SciPydata~5 mins

Wilcoxon signed-rank test in SciPy - Time & Space Complexity

Choose your learning style9 modes available

Learn Why Deep Visual Try Challenge Project Recall Time

Time Complexity: Wilcoxon signed-rank test

O(n log n)

Understanding Time Complexity

We want to understand how the time needed to run the Wilcoxon signed-rank test changes as the input data grows.

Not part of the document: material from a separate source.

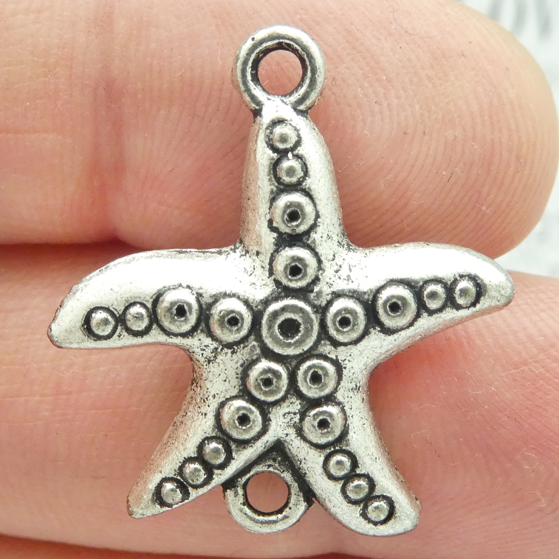 You will receive 5 – Double Sided Starfish Bracelet Connector in Antique Silver Pewter! These charms are a quality Silver Pewter for all your jewelry and crafting projects!

Specifically, how does the test's execution time grow when we have more paired samples?

Scenario Under Consideration

Analyze the time complexity of the following code snippet.


import numpy as np
from scipy.stats import wilcoxon

n = 100  # example size
# paired sample data
x = np.random.rand(n)
y = np.random.rand(n)

# perform Wilcoxon signed-rank test
stat, p = wilcoxon(x, y)

This code runs the Wilcoxon signed-rank test on two paired samples of size n.

Identify Repeating Operations

Identify the loops, recursion, array traversals that repeat.

Primary operations: Computing differences (O(n)), sorting absolute differences for ranking (O(n log n)), and summing signed ranks (O(n)).
How many times: Differences and sums are O(n), but ranking dominates due to sorting.

How Execution Grows With Input

As the number of paired samples n increases, the sorting for ranking causes time to grow as O(n log n).

Input Size (n)	Approx. Operations
10	About 33 operations (10 * log2(10) ≈ 33)
100	About 664 operations (100 * log2(100) ≈ 664)
1000	About 9970 operations (1000 * log2(1000) ≈ 9970)

Pattern observation: The work grows roughly as n log n as n grows.

Final Time Complexity

Time Complexity: O(n log n)

This is dominated by the sorting step required for ranking the absolute differences in SciPy's implementation.

Common Mistake

[X] Wrong: "The Wilcoxon test is O(n) since we just process each pair once."

[OK] Correct: Ranking requires sorting the absolute differences, which is O(n log n).

Interview Connect

Understanding that statistical tests like Wilcoxon involve sorting helps evaluate scalability for large datasets.

Self-Check

"What if the input data were already sorted by difference magnitude? How would that affect the time complexity?"